昨日のぽかぽか陽気とは打って変わり、早朝小雨が舞ったのでしょうか、しっとりとした街の風景を眺めながら、ゴンタ爺さんと朝のお散歩にでかけました。途中、公園で咲き始めた梅の花を愛で、一緒に春の訪れを喜んだものです。
散歩が終わって家に帰ったとき、ホウレンソウの畑にヒヨドリが数羽。最近、葉っぱが半分になっているホウレンソウが目立っていたので気になっていましたが、犯人はヒヨドリさんだったようです。冬場、餌に不自由したのでしょう。よい。よい。 先週は久しぶりに呉市に出張しました。用事を済ませて広島駅に戻ると夕刻の4時半。ふらっと途中下車して市内に向かいます。お目当ては、アカデミイ書店金座街本店です。広島勤務時代によく通ったお店です。それほど広くはないけれど、選書が良いのか、寄ると必ず何かを買って帰ります。今回は、新潮古典文学アルバムシリーズ「平家物語」と平凡社カラー新書「能の歴史」でした。しめて750円なり。この日は知人と流川で一献傾け、最終の新幹線で帰阪しました。
なぜ今頃「平家物語」かって?一カ月ほど前に観た能「正尊」に触発されて、その後スキマ時間に角川ソフィア文庫の「平家物語」を斜め読みしています。なにやら不思議な世界に足を踏み入れてしまいました。

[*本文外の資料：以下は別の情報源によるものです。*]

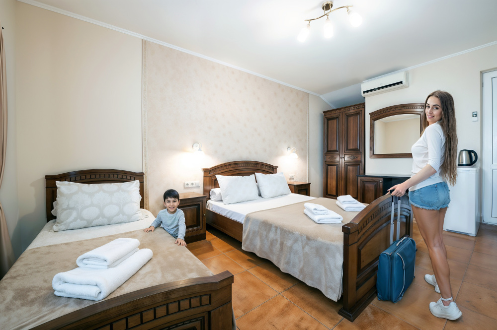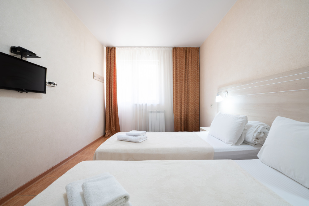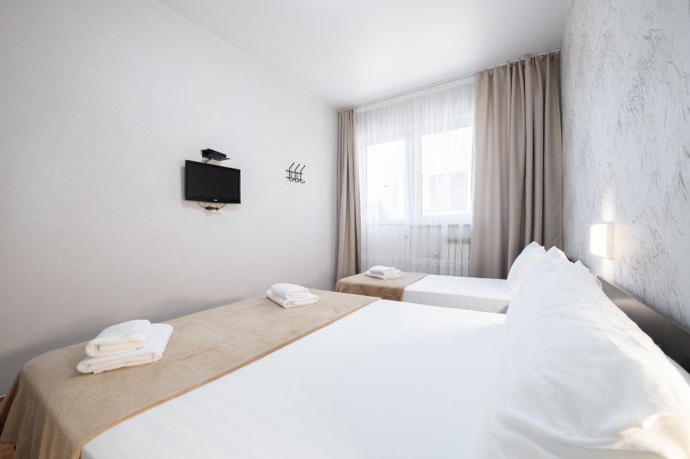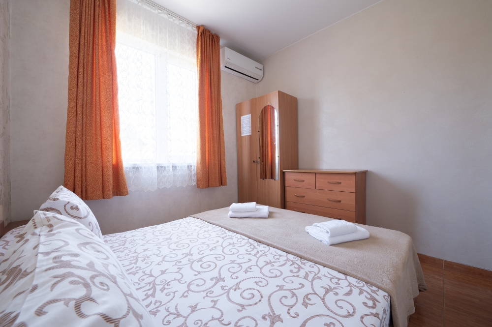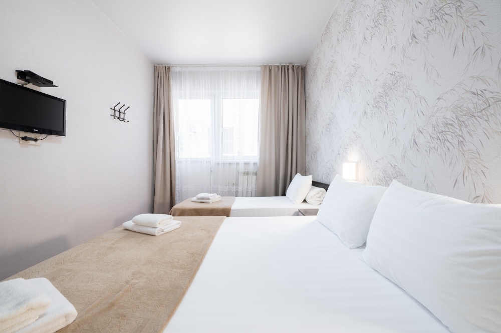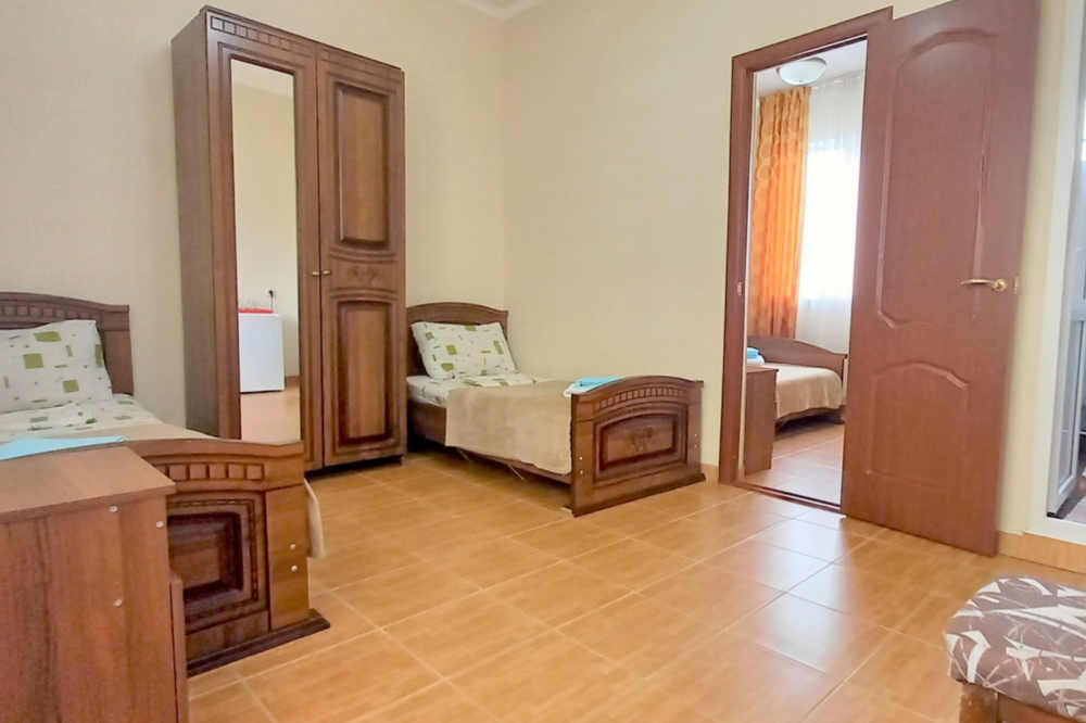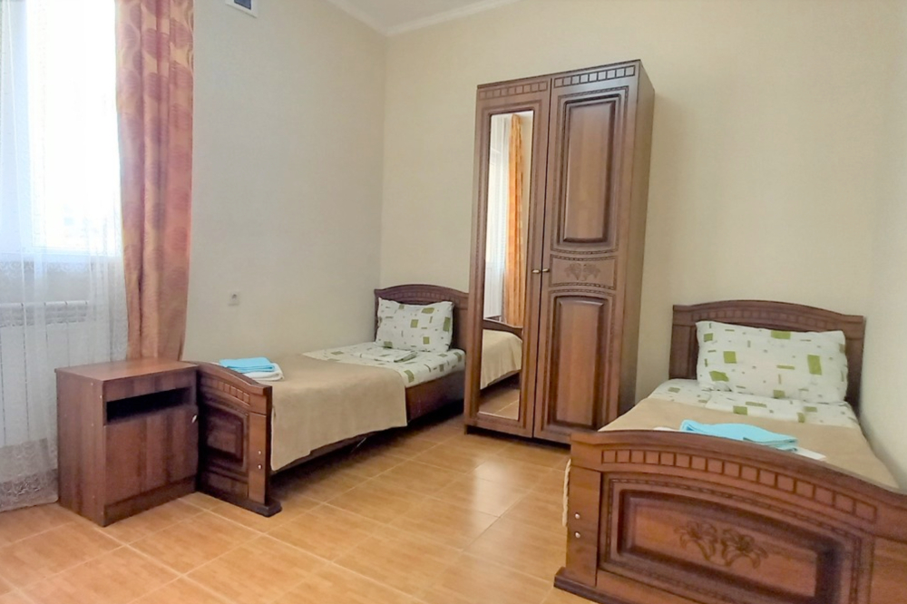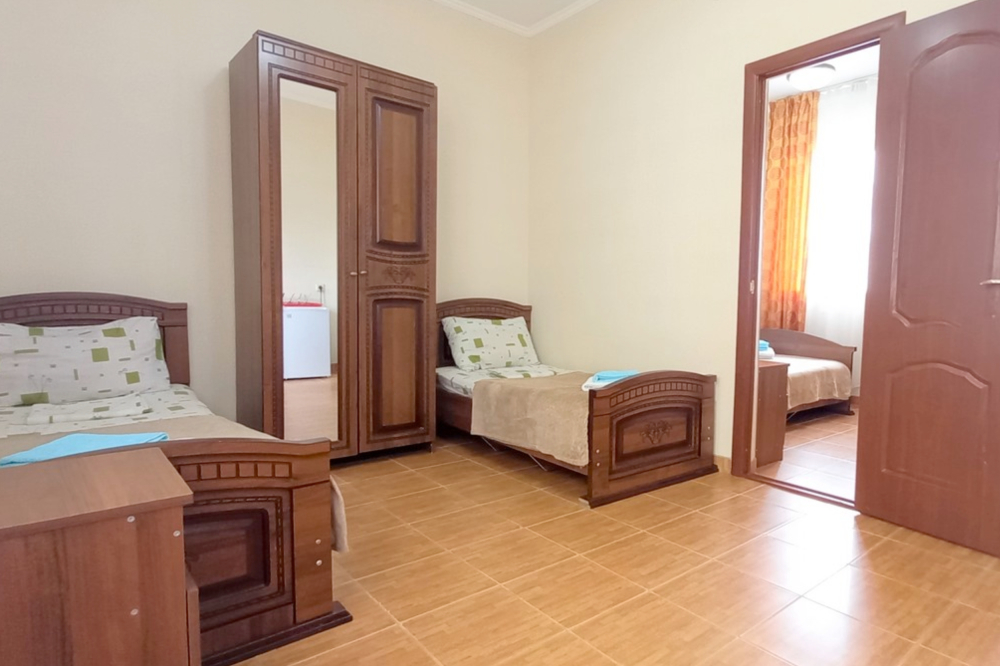 Идеальный вариант для комфортного размещения троих гостей. В номере мягкая двуспальная кровать и односпальная кровать, шкаф для одежды, стол, тумба и большое зеркало.
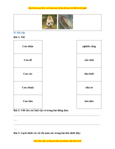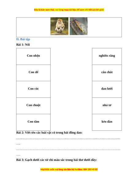 II. Bài tập Bài 1: Nối Con nhện nghiến răng Con dế cắn chắt Con cóc đan lưới Con chuột nhả tơ Con tằm kéo đàn
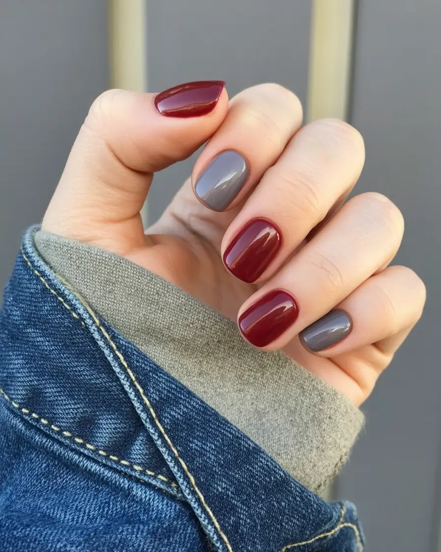 The color combinations of burgundy and gray are few that can be used to depict winter. The combination makes them contemporary, warm and, at the same time, silent luxury. It can be used alone or together with your favourite polish to make your winter manicure in gel form have an immediate element of elegance to it, the candlelight dinners, cashmere scarves, and that first glass of mulled wine.

ただ、私には、日本史の情報が頭の中にインプットされていません。明治維新以後は、なんとなくわかりますが、江戸時代以前の出来事はまったくもって別世界です。「平家物語」を眺めていても、いろんな人が登場するのに、その関係性が見えていません。それでも、ページごとの場面展開に、現代と変わらない人の心が透けて見えます。塩野七生さんの「ローマ人の物語」に共通する昔人の心象が、ぼんやりと見えます。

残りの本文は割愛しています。